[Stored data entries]
■ ■ ■
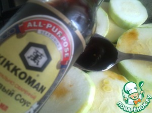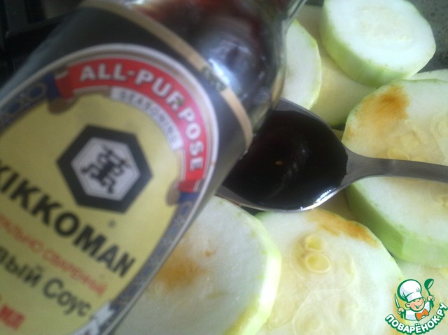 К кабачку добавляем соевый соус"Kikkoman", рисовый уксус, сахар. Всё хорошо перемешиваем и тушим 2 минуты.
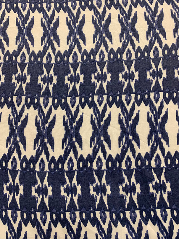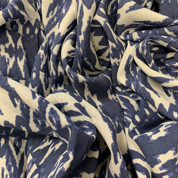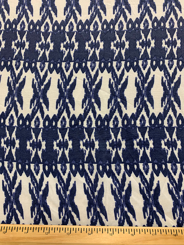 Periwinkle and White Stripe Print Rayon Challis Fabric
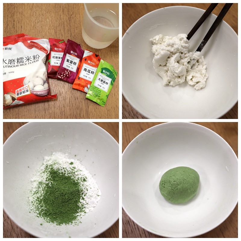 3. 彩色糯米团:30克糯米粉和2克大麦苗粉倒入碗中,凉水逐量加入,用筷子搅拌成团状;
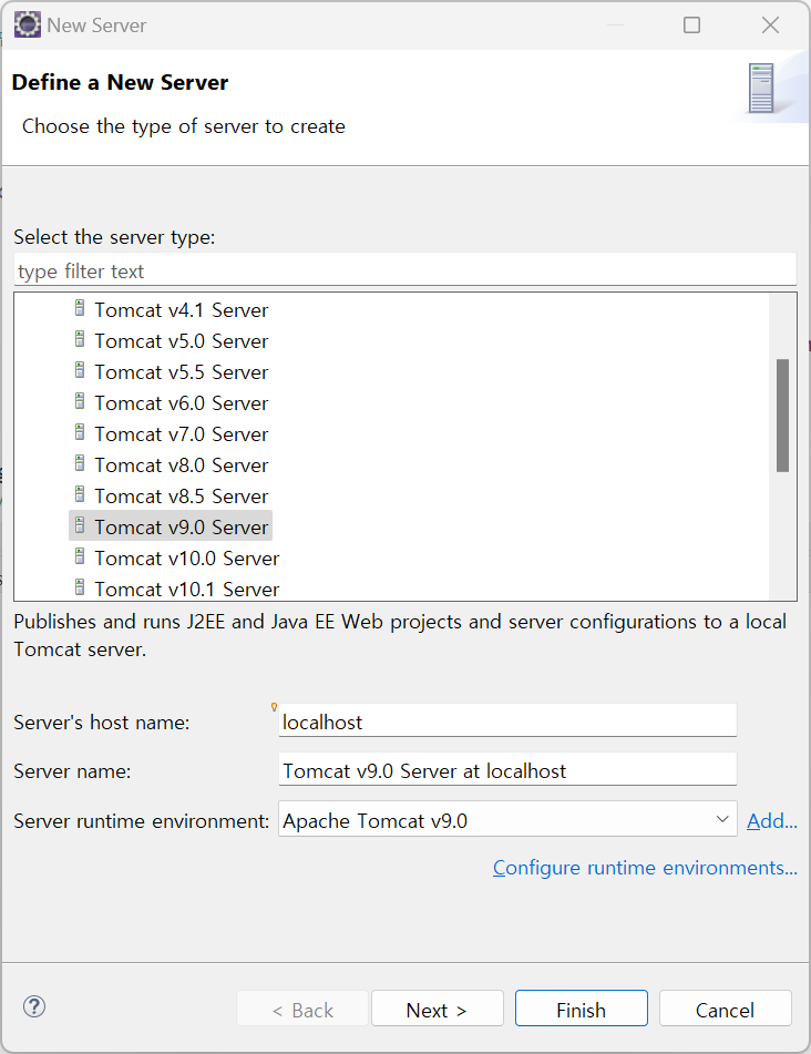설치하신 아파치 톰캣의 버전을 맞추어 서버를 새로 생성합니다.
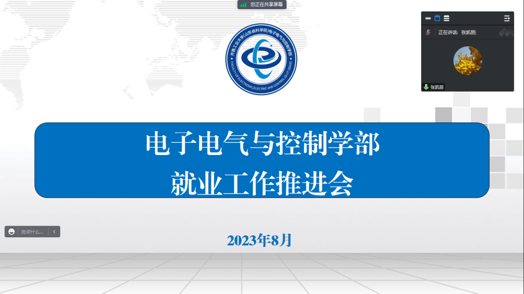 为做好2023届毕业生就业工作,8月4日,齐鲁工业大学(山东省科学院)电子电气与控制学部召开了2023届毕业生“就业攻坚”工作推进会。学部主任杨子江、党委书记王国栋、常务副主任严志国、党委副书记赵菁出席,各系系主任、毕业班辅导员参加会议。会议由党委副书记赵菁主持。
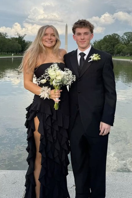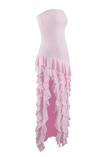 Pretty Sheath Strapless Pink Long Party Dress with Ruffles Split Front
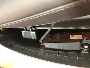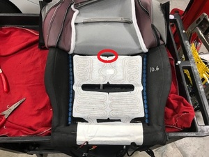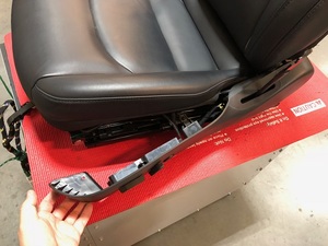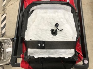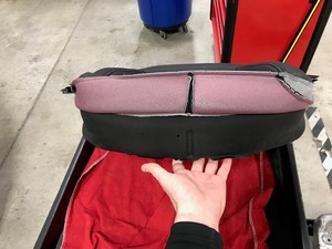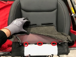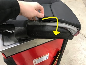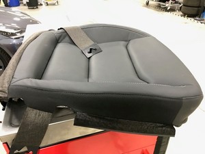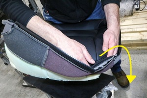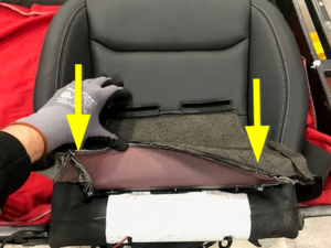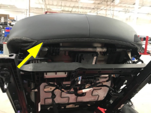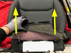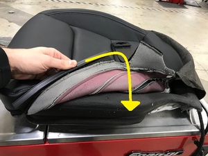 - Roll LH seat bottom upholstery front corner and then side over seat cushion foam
■ ■ ■
Task instructions: Each line above has to be returned exactly. Drop the pictures.

Answer section:
 К кабачку добавляем соевый соус"Kikkoman", рисовый уксус, сахар. Всё хорошо перемешиваем и тушим 2 минуты.
 Periwinkle and White Stripe Print Rayon Challis Fabric
 3. 彩色糯米团:30克糯米粉和2克大麦苗粉倒入碗中,凉水逐量加入,用筷子搅拌成团状;
설치하신 아파치 톰캣의 버전을 맞추어 서버를 새로 생성합니다.
 为做好2023届毕业生就业工作,8月4日,齐鲁工业大学(山东省科学院)电子电气与控制学部召开了2023届毕业生“就业攻坚”工作推进会。学部主任杨子江、党委书记王国栋、常务副主任严志国、党委副书记赵菁出席,各系系主任、毕业班辅导员参加会议。会议由党委副书记赵菁主持。
 Pretty Sheath Strapless Pink Long Party Dress with Ruffles Split Front
 - Roll LH seat bottom upholstery front corner and then side over seat cushion foam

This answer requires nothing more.